Herbert L. Strock
MORENO VALLEY, Calif.--Herbert L. Strock, a veteran producer and director who worked in the early days of television
and directed several well-remembered 1950s B-movies, died here Nov. 30th of heart failure, following a car accident.
He was 87. MSTies will remember him as the director of the movie in episode 106- THE CRAWLING HAND.
A Boston native, his family moved to Los Angeles when he was a teenager. He soon became interested in the movie
business, and was still a student at Beverly Hills High School when he started working as a director for Fox Movietone
newsreels. He had just graduated from USC, where he majored in journalism and film, when the U.S. entered World
War II. He served a stint in the Army's Motion Picture Division. When he left the service, got a job as an editor
When television arrived, he became involved immediately, as producer and director of "The Cases of Eddie Drake,"

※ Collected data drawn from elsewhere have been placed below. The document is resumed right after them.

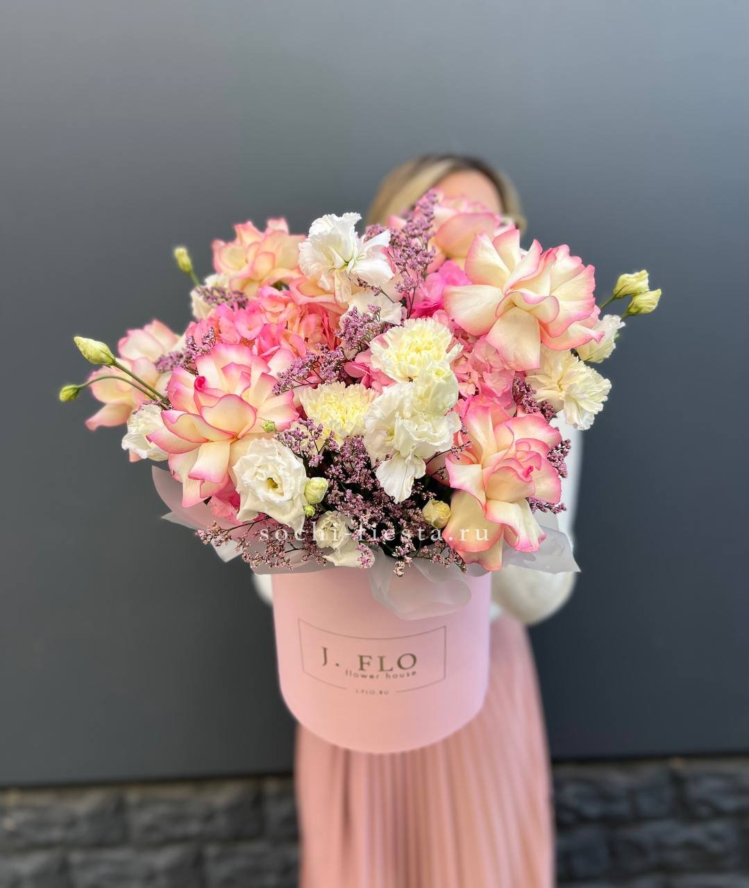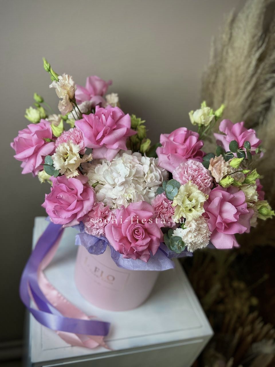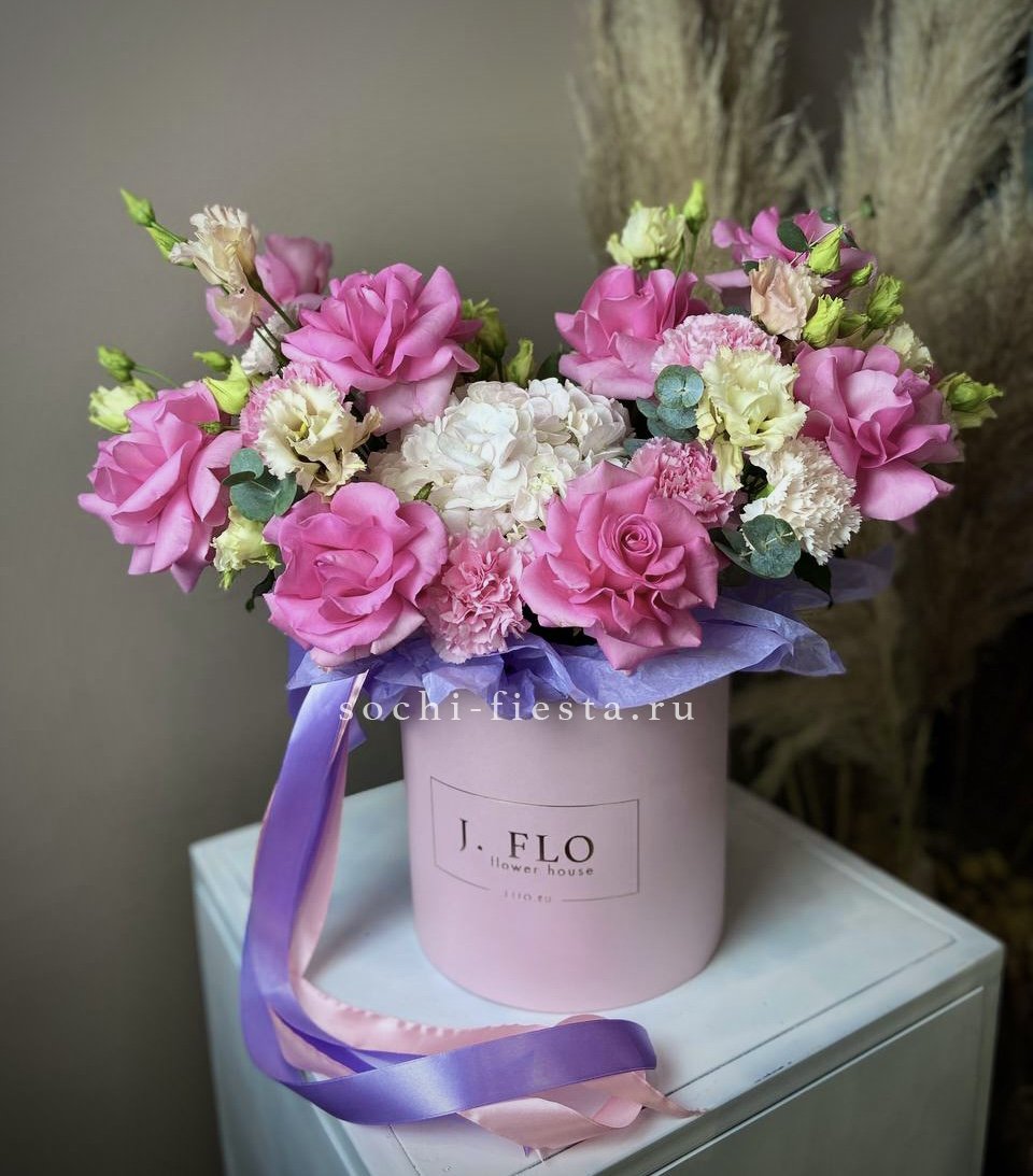 гортензия, вывернутые розы, диантус, кустовая роза, эустома, бокс D20, тишью.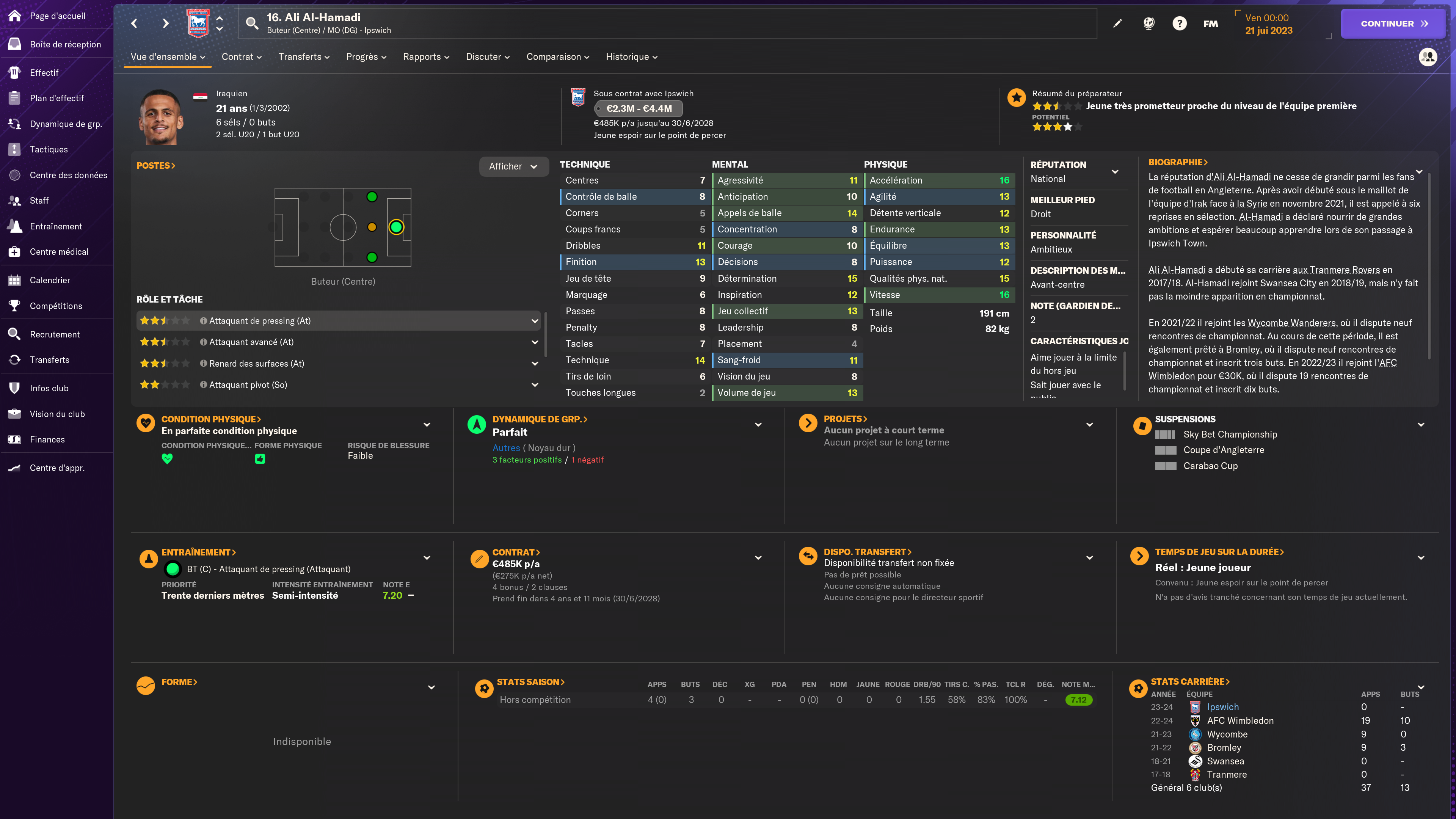 Ces efforts n'ont pas manqué d'attirer l'attention de l'équipe de recrutement d'Ipswich, mais aussi celles de nos analystes et observateurs. L'international irakien a bénéficié d'une amélioration significative à son Niveau actuel dans FM24, tandis que dans la vie réelle, il a la tâche de venir ajouter de l'efficacité offensive dans la quête d'Ipswich de sécuriser deux promotions d'affilée.
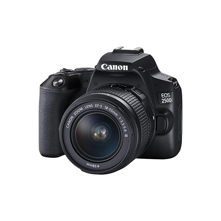 Canon EOS 250D digitale Spiegelreflexkamera + Objektiv EF-S 18-55mm F3.5-5.6 III (24, 1 Megapixel, 7,7 cm/3 Zoll Vari-Angle Display, APS-C-Sensor, 4K, Full-HD, DIGIC 8, WLAN, Bluetooth), schwarz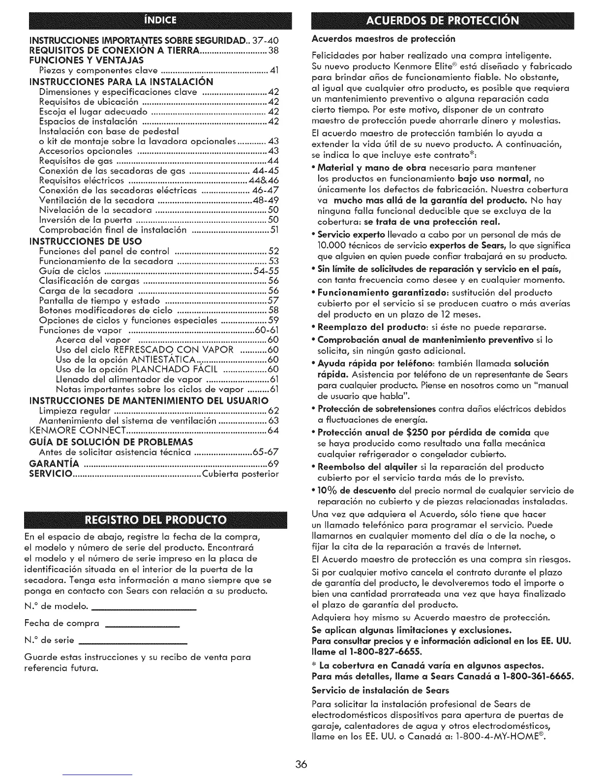 Conexi6n de las secadoras el_ctricas .................... 46-47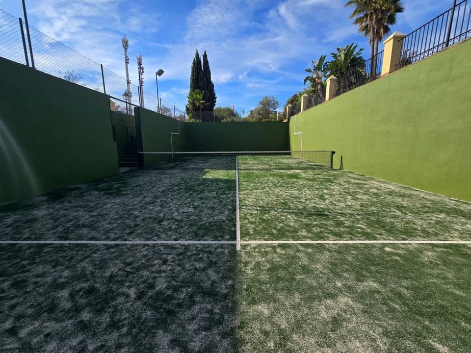 Deze Semi-Villa met drie slaapkamers + bonuskamer en een zelfstandige suite ligt in een kleine gemeenschap met een uitgestrekt terrein en beschikt over een zwembad van dubbele lengte, een paddlebaan en prachtig uitzicht op zowel de zee in het zuiden als de La Concha berg in het noorden. Binnen vind je marmeren vloeren, centrale airconditioning en verwarming, een hoge bar en een terras dat perfect is om gasten te ontvangen.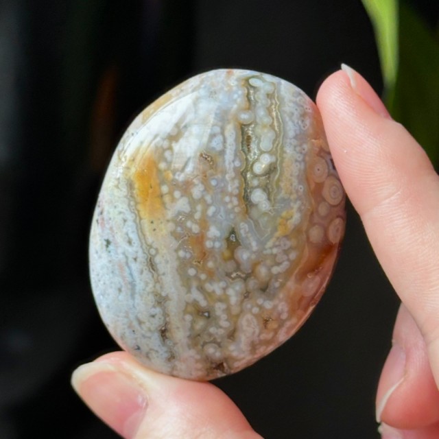 Orbikulær Sjø Jaspis håndstein på 5,3cm og veier ca 59g. Det er den på bildene du får hvis du bestiller denne.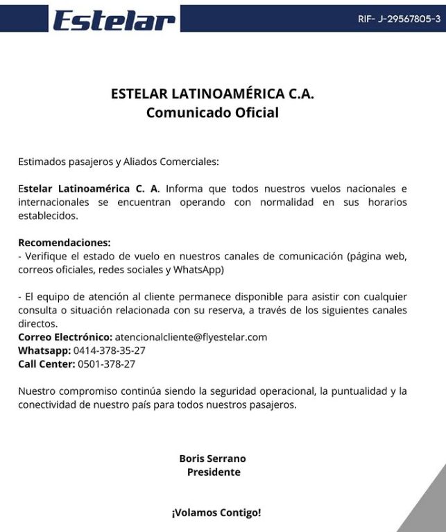 Boris Serrano, presidente de la aerolínea Estelar informó este domingo que todos sus vuelos nacionales e internacionales se mantienen operativos con normalidad, a pesar de que varias compañías han cancelado sus viajes luego del aviso de la Administración Federal de Aviación (FAA, en inglés) de EEUU de «extremar la precaución» al sur del mar Caribe.

an early detective series. He later worked on a number of series, including "Highway Patrol," "Sky
King," "Sea Hunt," "Maverick" and "77 Sunset Strip."
He also landed directing jobs in a number of B movies made for the flouishing "drive-in" market, gaining
a reputation for bringing projects in on time and under budget. Among them: "The Magnetic Monster," "Donovan's
Brain," "Blood of Dracula" and "Gog," shot in 3-D.
In later years, Strock owned a post-production facility, and wrote about his career in the 2000 book Picture Perfect.
He is survived by his wife of 64 years, three daughters and two grandsons.